=== WHAT IS NEEDED ===
Print the data below exactly, but only the lines from the one containing "Ryby z różnych" down to the one containing "nię na świeżym", inclusive.

=== AVAILABLE DATA ===
____________
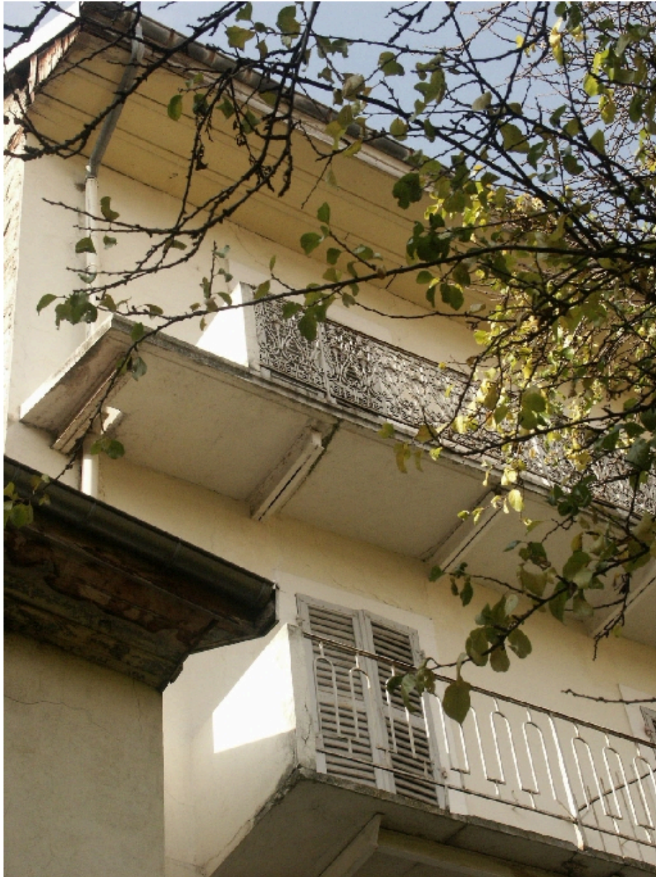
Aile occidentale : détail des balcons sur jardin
____________
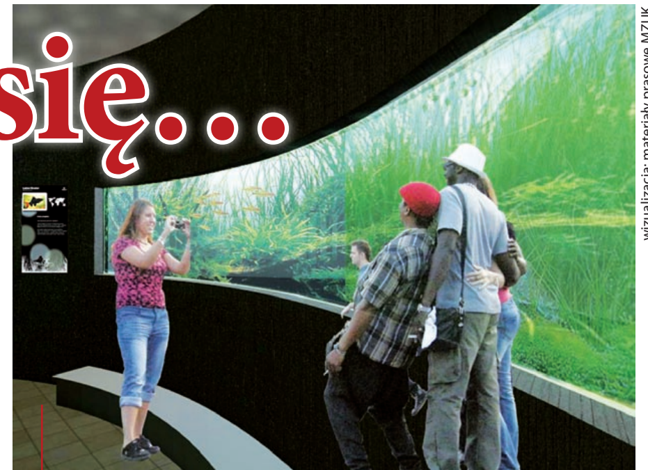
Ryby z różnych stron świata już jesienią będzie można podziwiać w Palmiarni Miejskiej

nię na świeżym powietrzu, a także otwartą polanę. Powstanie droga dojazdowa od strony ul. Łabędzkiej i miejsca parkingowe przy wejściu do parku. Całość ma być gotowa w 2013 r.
____________
=== RESULT BELOW ===
Ryby z różnych stron świata już jesienią będzie można podziwiać w Palmiarni Miejskiej

nię na świeżym powietrzu, a także otwartą polanę. Powstanie droga dojazdowa od strony ul. Łabędzkiej i miejsca parkingowe przy wejściu do parku. Całość ma być gotowa w 2013 r.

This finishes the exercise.